Retired superintendent receives humanitarian award

This article submitted by Linda Stelling on 6/28/00.

Torbenson During Town and Country Days, this year's recipient of the Ruth Aulick Humanitarian Award could be found flipping hamburgers, making fry bread, and playing his harmonica in the parade with the harmonica band.

Don Torbenson (left), 77, received the Ruth Aulick Humanitarian Award during the Miss Paynesville pageant June 19.

Joe Voss (right), president of the Paynesville Human Rights Commission, presented Torbenson with the award. "A goal of the Paynesville Human Rights Commission is to recognize an individual that has made a contribution to the promotion of understanding and cooperation between people of different backgrounds," Voss said.
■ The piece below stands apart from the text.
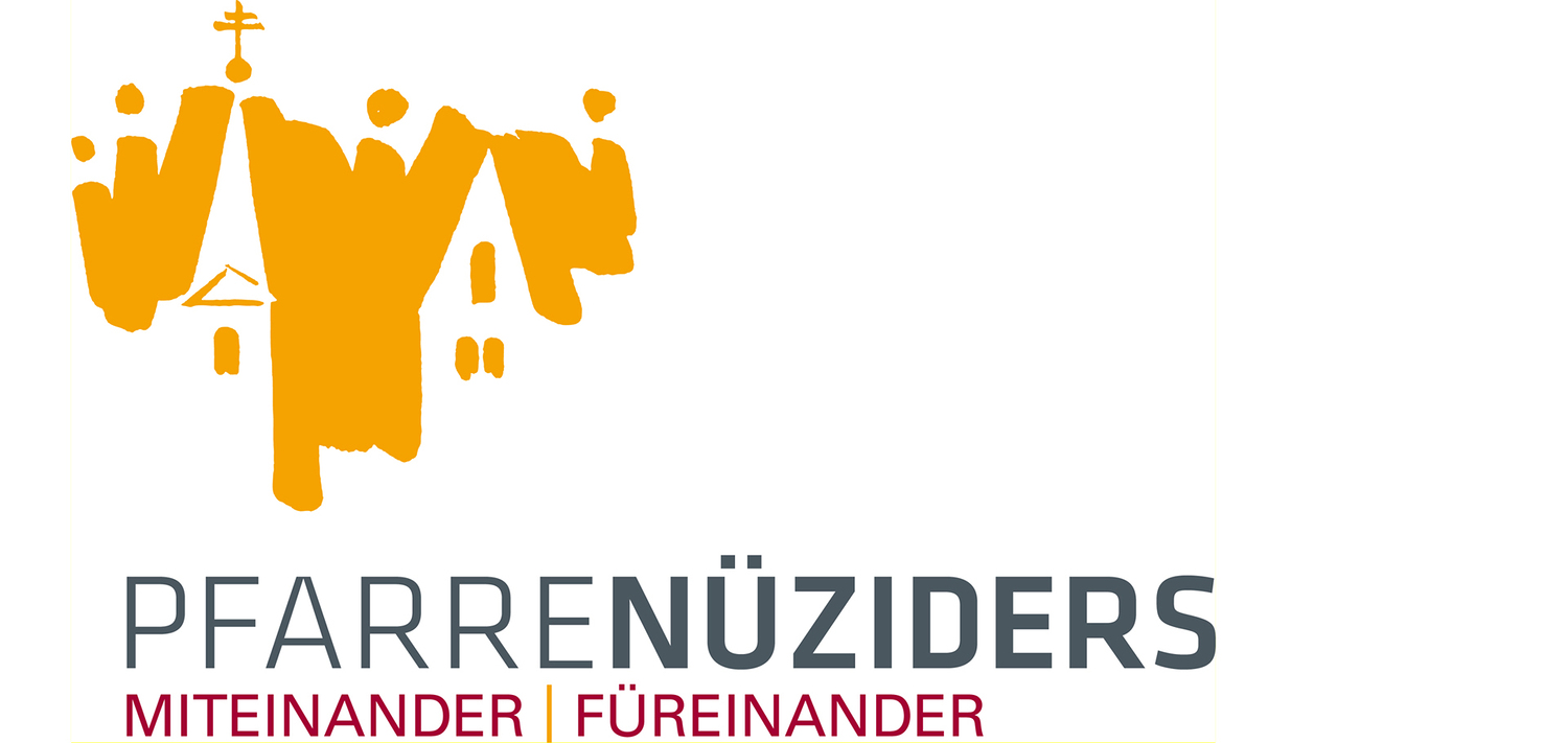 Auf der rechten Seite ist der Turm der St. Vinerkirche zu erkennen. Das Gebäude kann auch für alle Nüziger Häuser stehen und bildet einen Kontrapunkt für die im Ort lebende Gemeinschaft, die als umschlossene und umgebende Personengruppe erkennbar ist. Das Symbol der Gemeinschaft kommt auch im Wortpaar „Miteinander - Füreinander" zum Ausdruck. Miteinander den Glauben zu leben, bedeutet Gemeinschaft zu erleben. Im Füreinander-Dasein werden wir Gemeinde Jesu Christi. Im „Miteinander - Füreinander“ verbinden sich zwei zentrale Linien neutestamentlicher Theologie: Einerseits ist die Liebe der Christen untereinander Abbild der Liebe Gottes zu den Menschen; und andererseits erfüllen wir im Engagement für den anderen den Willen Gottes.

The award is named after Ruth Aulick, who started and ran the Paynesville Community Center and foodshelf for more than 30 years.

Voss cited Torbenson's work on the Paynesville Area Charity Fund as the most significant. Torbenson has served as the fund's president since it started in 1993. "It's a fund that touches many people," Voss said.

Torbenson helped start the fund after he had a heart by-pass operation in 1993. "I was thankful a lot of research had been done, which enabled doctors to do a successful operation," Torbenson said.

Dollars collected through the fund always meet Paynesville area needs first. Among the charities receiving funds are the Community Service Center, Home Delivered Meals, Paynesville Area Health Care System, and Paynesville Area Special Olympics.

Torbenson came to Paynesville in 1964 to serve as the school district's superintendent. "The community has been a great place to live. I'm glad to leave it a little bit better," he said. "I hope to have a few good years left to do more."

He retired in 1981. "I'm fortunate to have had a good many years to do things, in addition to the resources and time to do them," Torbenson said.

Torbenson has been an active member of the Lions Club for 36 years. He has served as a board member and as president. "I enjoy the fellowship and worthwhile projects the Lions contribute toward," Torbenson said. He was also a member of a team that went to Ecuador and Guatemala to distribute used eye glasses to those in need.

Torbenson was president of the Paynesville Lions when the Paynesville Historical Society was formed in 1969. "I'm proud to say I had a hand in getting it off the ground," he said.

Torbenson was also involved in getting the Industrial Park started. He served on an industrial park development board eight years when the land was acquired for the area.

Another project Torbenson helped get off the ground was the Paynesville Area Center. He and other key people started the fund raising campaign which made the facility a reality.

Voss said someone from Willmar asked him once how Paynesville was able to get a senior center built when they couldn't. Voss replied that along with other key people, Willmar would need Don Torbenson to move to their town.

Torbenson has served as a former trustee and council president at the Paynesville Lutheran Church. Torbenson currently serves as the treasurer of the church's endowment fund. Torbenson and his wife, Gladys, started a music enrichment fund at the church.

He is also a Lutheran Brotherhood branch representative. He has helped secure funds for many Paynesville groups and activities, including the Crow River Nature Park, the Paynesville Area Center, the Paynesville Public Library, the Paynesville Historical Society, and the Paynesville Area Health Care System.

Torbenson said his philosophy in life is to be yourself. "I read something recently which sums up how I feel. If you try to impress people at the top, they will look down on you. If you try to impress people at the bottom, they will envy you, so forget about it," he explained.

Torbenson's hobbies are gardening, reading, and using his computer. Through his computer, he has learned how to communicate with people all over the world. Using a video camera his children gave him for Christmas, Torbenson can see people as he talks to them. "It is a great way to talk with people," he added.